Q. In regards to the question from a reader about interracial marriages, is it true that Moses was married to a black woman?
A. This seemed like an easy question to answer until I began to research it. The idea that Moses had a black wife apparently comes from Numbers 12:1 which says Miriam and Aaron spoke against Moses because of his Cushite wife. Some say this identifies her as a descendant of Noah’s grandson Cush. The Hebrew word Cush means black, and Cush is said to be the father of the black African people. (Cush is identified as Ethiopia in some versions of the Bible.) This would make the wife of Moses a black woman.
But others point out that Moses married Zipporah, the daughter of a priest of Midian named Reuel, also called Jethro (Exodus 2:18-22, 3:1). Midian was a son of Abraham and his 3rd wife Keturah (Genesis 25:1-2). They also claim there were two lands named Cush in the time of Moses. The other one was in Eastern Mesopotamia in what would later become Babylon. If so, this would make the reference to a Cushite wife in Numbers 12:1 inconclusive as to race. If Jethro was a descendant of Abraham’s through Midian, then Zipporah would have been Abraham’s descendant, not Cush’s, and therefore not a black woman.

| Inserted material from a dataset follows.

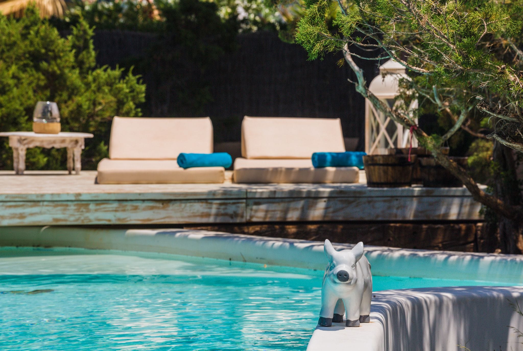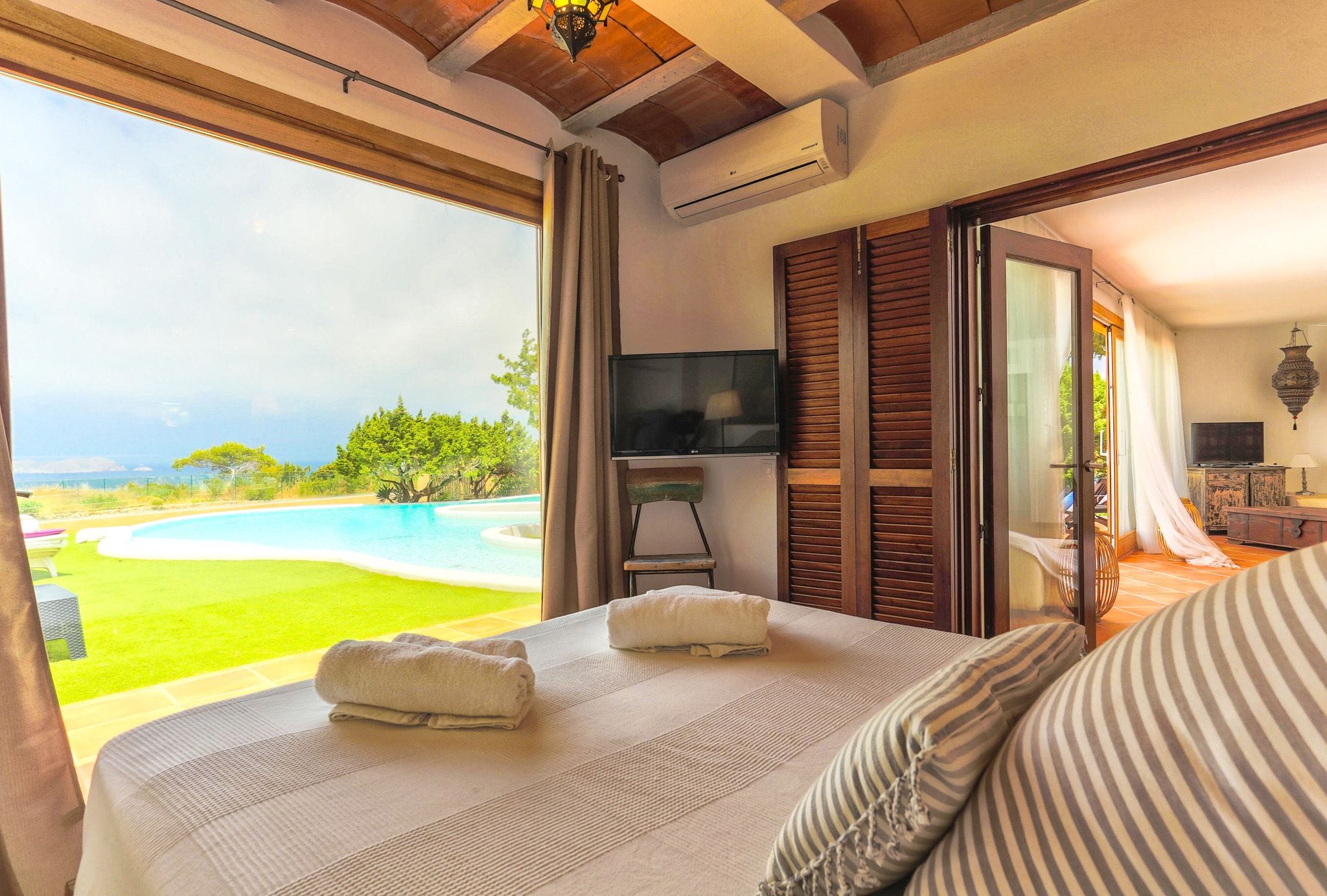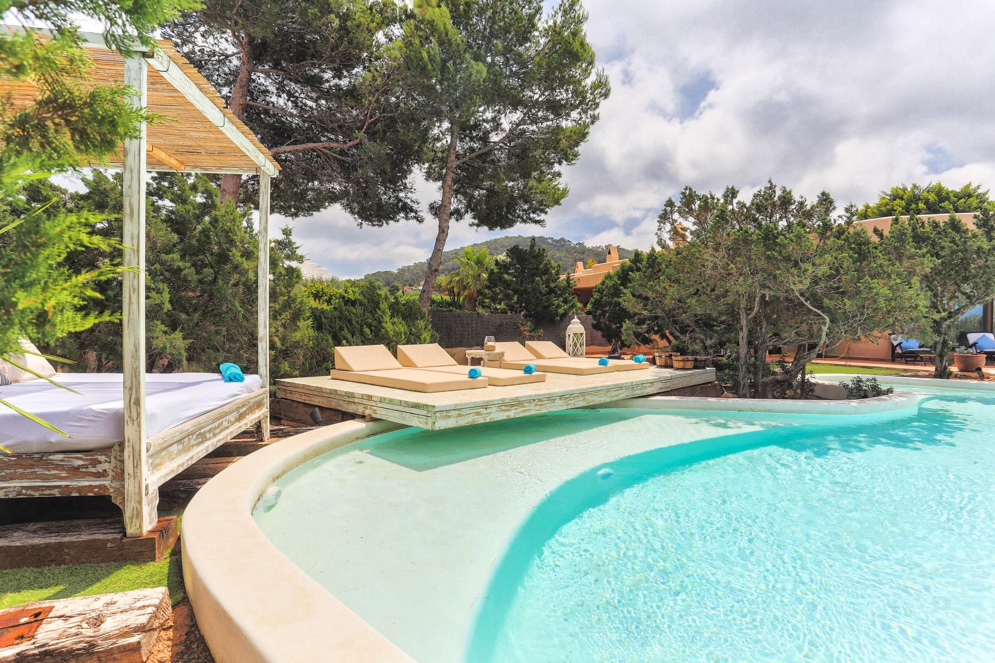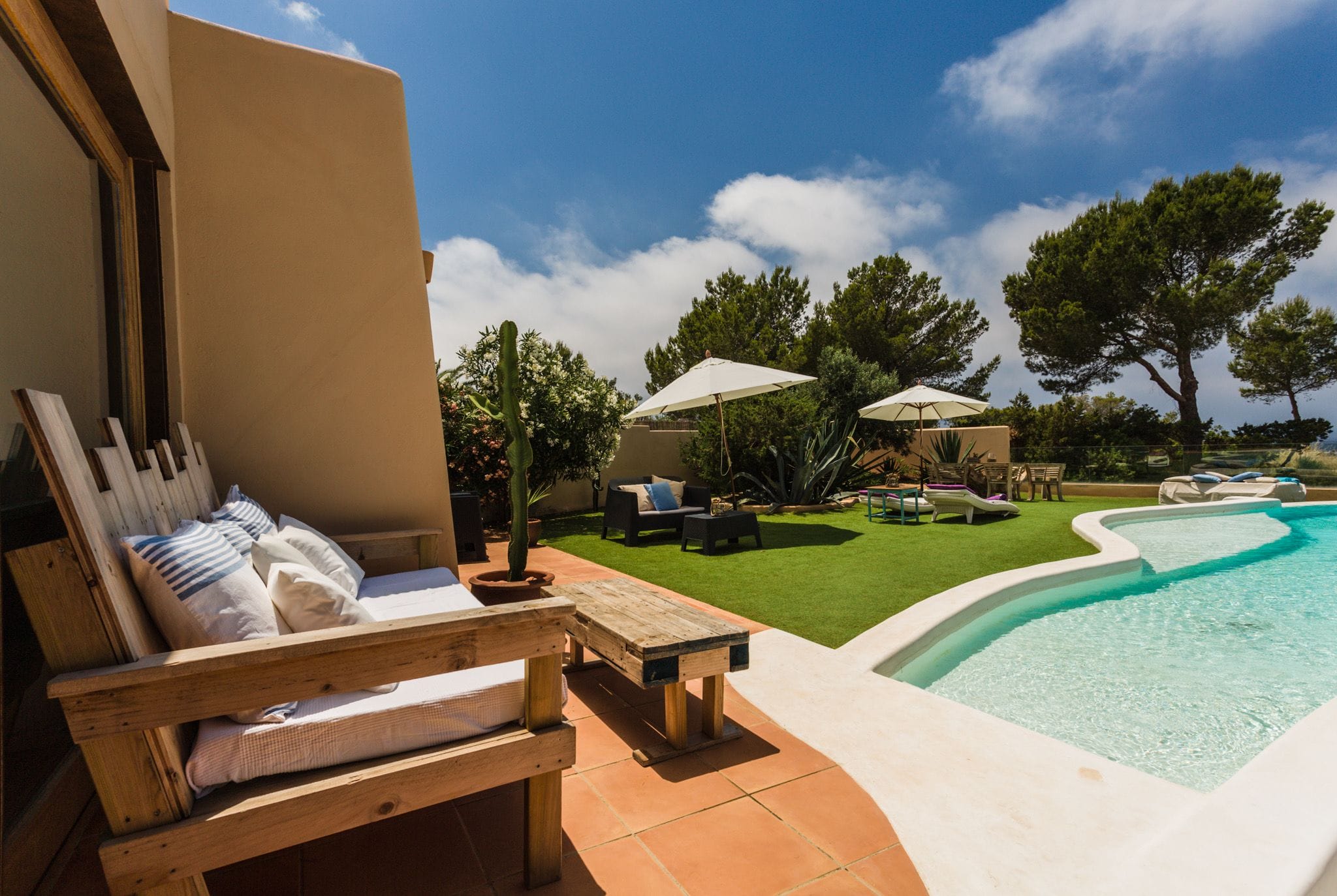 The rooms have beds of 1.80 by two meters. The master suite exemptaq bathtub with views of the sea and the pool, and also a shower. All bedrooms have built in wardrobes. the second suite has a large window overlooking the Mediterranean water and the large swimming pool that dominates the garden. In addition, the outdoor area also has a Moorish oven, and barbecue. They preside over the pool of isas, a Balinese bed and a wooden platform with beds and outdoor mattresses for 8 people.

Then there’s a minority view that Moses had two wives, Zipporah, who he sent back to her father, and the Cushite woman of Numbers 12 who was never mentioned by name. In my opinion this view requires a rejection of the Mosaic authorship of the Books of Moses and is not reliable.
In summary, I don’t think we can use the example of Moses to support inter-racial marriage. But as I said before, I don’t think the Bible forbids it as long as both parties are believers.